Another Bradfordian here.

I used them for a couple of purchases and they were quite good. They're a local bike shop with three local stores in South Yorks. They just happen to have an internet operation too.

I got good honest advice, I rang for something and they asked me for my requirements and suggested something better that was not on their website, but which they had lurking in the store for less money.

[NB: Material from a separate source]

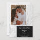 Este Anúncio de Save the Date de Foto Simples Marmorizada Preta vem com um design de texto simples, em um layout moderno e simples contra um fundo marmorizado esperando por sua foto, monogramas e detalhes do casamento para personalizar. Cores adicionais disponíveis com este design.

Sheffield is just about manageable if you had to take something to them under warranty.


----------



## johnr (28 Mar 2011)

I've only used them once, but the people on the phones were very helpful and the goods arrived promptly.


----------



## tubbycyclist (28 Mar 2011)

I had a problem with a cracked frame around 2 years after I bought a folder from them, and they did their best to sort it with Dahon. There were extensive delays in getting me a new bike as a replacement but those delays were the responsibility of Dahon.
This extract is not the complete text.